それと出会うのが読書という旅のよろこびでもあります。
文学作品の核心を知るには、詳細(ディテイル)を読むしかありません。あらすじは文学の理解を助けこそすれ邪魔しないのです。「あらすじ」を最初に読んで大きな流れを頭に入れれば、自分が全体の中でどこにいるのかわかります。あらすじは地図のようなものです。
葛藤を感じている最中なのか、葛藤と格闘しているところなのか、葛藤を解消しようとするクライマックスを読んでいるのか。全体の中で自分がどこにいるか把握していれば、道に迷うこともありません。
あらすじで把握したその場所、状況の中で、作者が何を訴えようとしているのか。どんな技巧を発揮しているのか。それを追求することが、読書という冒険、旅になります。
読書の面白さはディテールにある。あらすじに本当の味はない

文学にはあなたが気づけなかった感情が描かれていて、それを発見し、それに触発されることもあるでしょう。その淵源の感情を追体験することも文学の目的のひとつです。

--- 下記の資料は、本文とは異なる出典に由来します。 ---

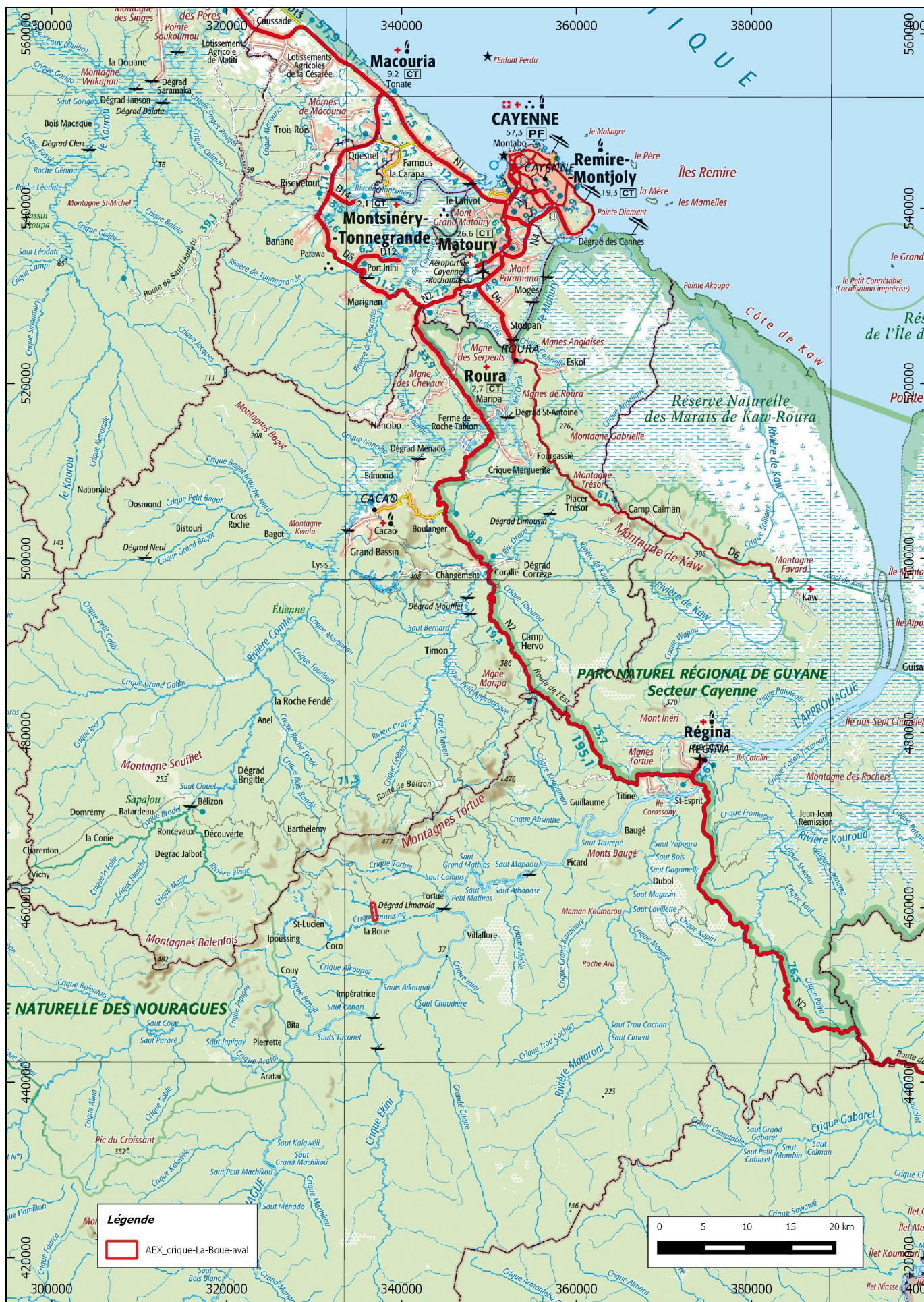
Carte de situation de l'AEX « crrique La Boue aval » de l'EURL SAINT-GEORGES d'après la carte IGN au 1/500 000° en RGF95 UTM22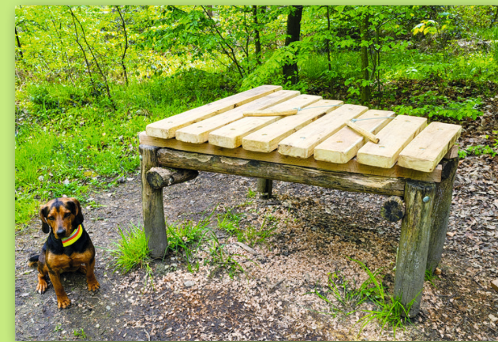
Klangstation mit Xylophon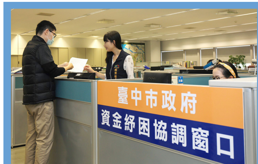
新冠肺炎疫情衝擊台灣經濟，台中市長盧秀燕宣佈「紓困九箭」，並首創全國單一「資金紓困協調窗口」，引進民間5大銀行提供貸款協助。

盧市長說，台中市沒有自己的市立銀行，要感謝二信、中信銀、台灣企銀、台灣銀行、台中商業銀行等5大銀行協助，希望讓民眾得到最有效協助，台中紓困單一窗口電話：(04) 22289111分機31139、31141、31142、31143。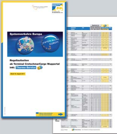
Perfekter Europa-Fahrplan für Stückgut- und Thermo-Service Transporte

gehen und wann sie in welchem Postleitbereich dort ankommen? Sie planen Thermo-Transporte nach Finnland und Portugal und möchten sich über Abfahrtstage und Laufzeiten informieren? Unser neuer Flyer „Regellaufzeiten für Systemverkehre Europa“ gibt Auskunft. In übersichtlicher Form, gegliedert nach Ziel-ländern, Zielstationen, Postleit-gebieten, Abfahrtstagen und Laufzeiten in Stunden finden Sie alle Planungshinweise, die Sie für europaweite Stückgut- und Thermo-Transporte benötigen. Der perfekte Fahrplan zu 57 Zielstationen in 32 europäischen Ländern, darunter allein 36 Zielstationen in 17 Ländern, die zusätzlich mit Thermo-Transporten ange-steuert werden.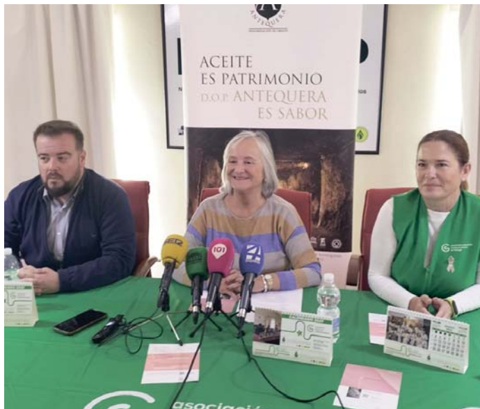
Presentación del calendario VIVA

ANTEQUERA | La Asociación Española Contra el Cáncer en Antequera ha puesto a la venta un millar de calendarios solidarios para recaudar fondos.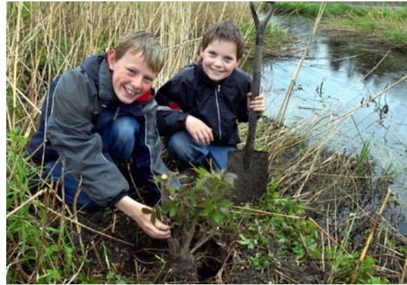
Skoleelever planter trær i vannkanten.

Erfaringene er altså vidt forskjellig avhengig av om bonden selv har bestemt hvor trærne skal stå, eller om trærne har vokst fritt. Det må også tas høyde for at bønder som selv planter trær i utgangspunktet ikke er negative til dette. I Våler spilte nok motiverende arbeid fra kommunens side en viktig rolle for å få bønder til å bli med på treplantingsprosjektet.

だから、あらすじには文学の本当の味はないのです。私はそう思っています。
旅先の市場や路上や安宿街を歩くことと、地図を眺めることは全然違います。
読書という冒険のおもしろさはディテイルにこそあるのです。
読書することで、自分を知ることができる。

あらすじで把握した状況の中で表現されている「作者の思い」と感じた「あなたの思い」が違っていれば、それが「あなたの個性」です。同じ状況でも、作者とは目の付け所が違うかもしれない。胸をよぎる感情が違うかもしれない。それが「あなた」なのです。読書することで、自分を知ることができます。
あらすじを読んで面白そうと思ったら、実際に照会している作品を手に取って読んでみてください。ガイドブックを読むだけでなく、実際の、本当の旅をしてください。
そのためのイントロダクション・ガイダンスが、私の書評にできたらいいな、と思っています。
※本は電子書籍がおすすめです。